2.1.4 Enzymes – Inhibitors Flashcards
(13 cards)
What does enzyme specificity mean?
The shape of the active site of an enzyme is complementary to one type of substrate. This substrate is the correct shape to fit the active site and form an enzyme-substrate complex. Any other substrate will not fit.
What is an inhibitor and what does it do?
An inhibitor is a substance that will slow down or stop the action of an enzyme (it inhibits it). It can do this by affecting the way the substrate binds to an enzyme, or the enzyme’s turnover.
What does a competitive inhibitor do?
A competitive inhibitor has a similar shape to an enzymes substrate and so physically competes with the substrate for access to the enzyme’s active site.
How does a competitive inhibitor compete with a substrate?
The competitive inhibitor binds to the active site forming an enzyme-inhibitor complex. The enzyme does not change the shape of the inhibitors and it reduces the number of free active sites therefore slowing the rate of product formation.
What is it called if an inhibitor binds to an enzyme irreversibly?
An inactivator.
What does a non-competitive inhibitor do?
Non-competitive inhibitors do not resemble the shape of the substrate and do not enter the active site. They disrupt the tertiary structure of the enzyme preventing the formation of enzyme-substrate complexes.

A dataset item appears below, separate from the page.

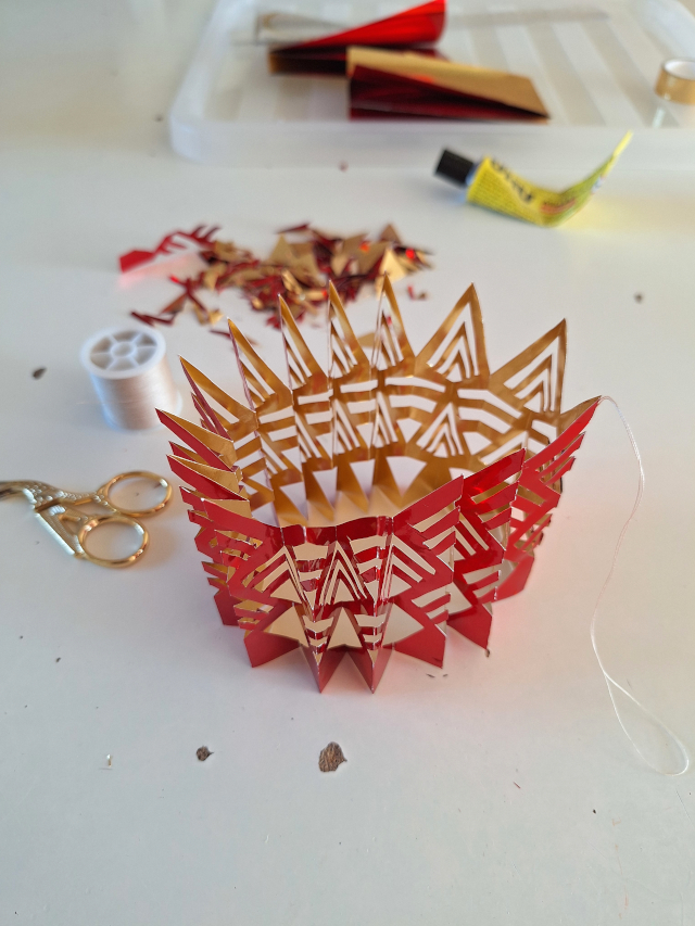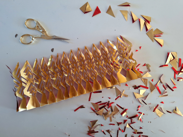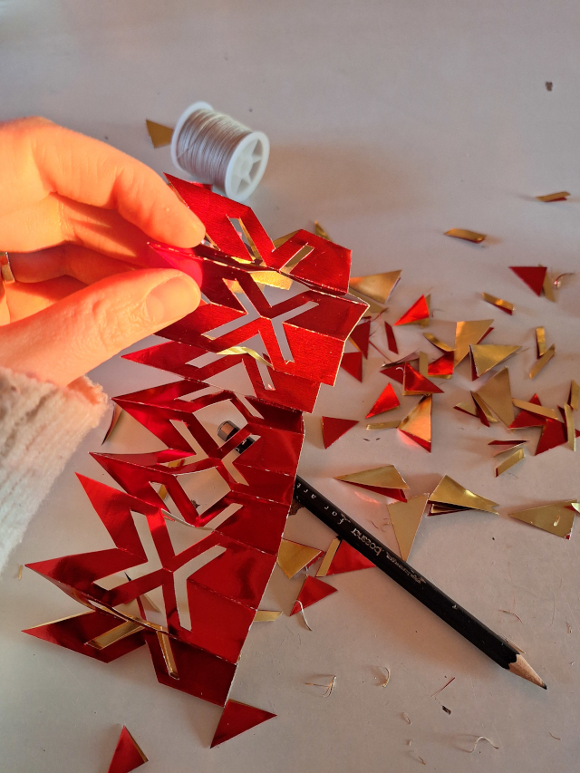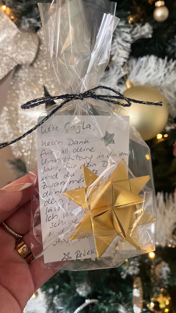 Sterne wurden gebastelt: Zuerst ganz viele Fröbelsterne für meine Kolleginnen und Kollegen in der Schule; dann habe ich gelernt, fünfzackige Origami-Sterne zu falten, und zum Schluss wurden noch zahlreiche Sterne aus Goldfolie geschnitten (und ebenfalls verschenkt).

How does a non-competitive inhibitor inhibit an enzyme?
It binds to the enzyme at a different location than the active site which is called the allosteric site. It disrupts the tertiary structure by causing the active site to distort so that it is no longer complementary to the substrate. This can be reversible or irreversible.
How can you reduce the effect of a competitive, reversible inhibitor?

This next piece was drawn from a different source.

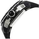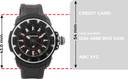 Wear this watch and enjoy the comfort of a polyurethane strap that is composed of a mixture of plastic and rubber, aiding the comforts of the wearer. The round dial is bound by a stainless steel back case that has the hours of the day imprinted on it, instead of on the dial. It has a clasp buckle and an extra large crown.

You can increase the concentration of substrate so that it is more likely that a substrate molecule collides with the enzyme rather than an inhibitor.

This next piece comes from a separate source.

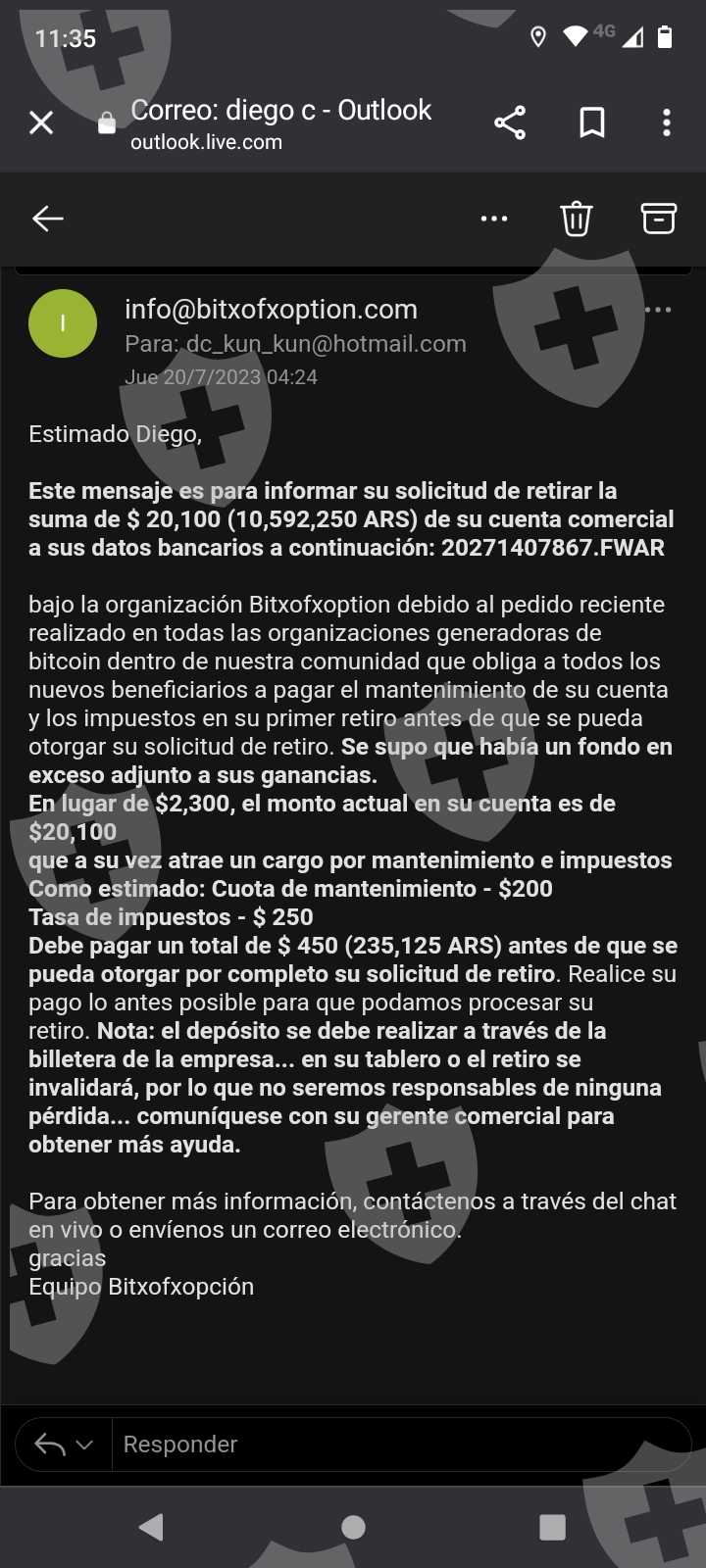 buen día, quiero exponer el fraude de esta empresa , va que se hace llamar empresa no voy a recuperar la plata pero por lo menos que no estafen a más gente tanto la empresa como la persona que me contacto por Instagram adjunto los chat gracias

Would increasing the concentration of substrate reduce the effect of a non-competitive reversible inhibitor?
Increasing the substrate concentration would not have a large effect, the maximum rate of reaction would still be reduced.
How can inhibitors be useful in metabolic pathways?
Many metabolic processes have sequences of enzyme-catalysed reactions with the product of one reaction becoming the substrate of the next. The product of the last reaction normally binds to the first enzyme in the reaction which temporarily inhibits the enzyme and prevents accumulation of too much end product.
What happens in a metabolic pathway when the product is in demand again?
When the end product is in demand again the molecule with detach from the first enzyme allowing the pathway to run again. This is an example of negative feedback.
Give two examples of competitive inhibitors?
- Penicillin- this is an irreversible competitive inhibitor which inhibits enzymes involved in the production of bacterial cell walls.
- Arabinose- this is a reversible competitive inhibitor. It competes with glucose for the active site of the glucose oxidase enzyme.
Give two examples of non-competitive inhibitors?
- Digitalis is a non-competitive inhibitor which can be extracted from the foxglove plant. It binds to the enzyme ATPase and increases contractions of the cardiac muscle.
- Cyanide is an irreversible inhibitor of the enzyme cytochrome oxidase which is involved in respiration. It prevents the cells from producing ATP and causes them to die.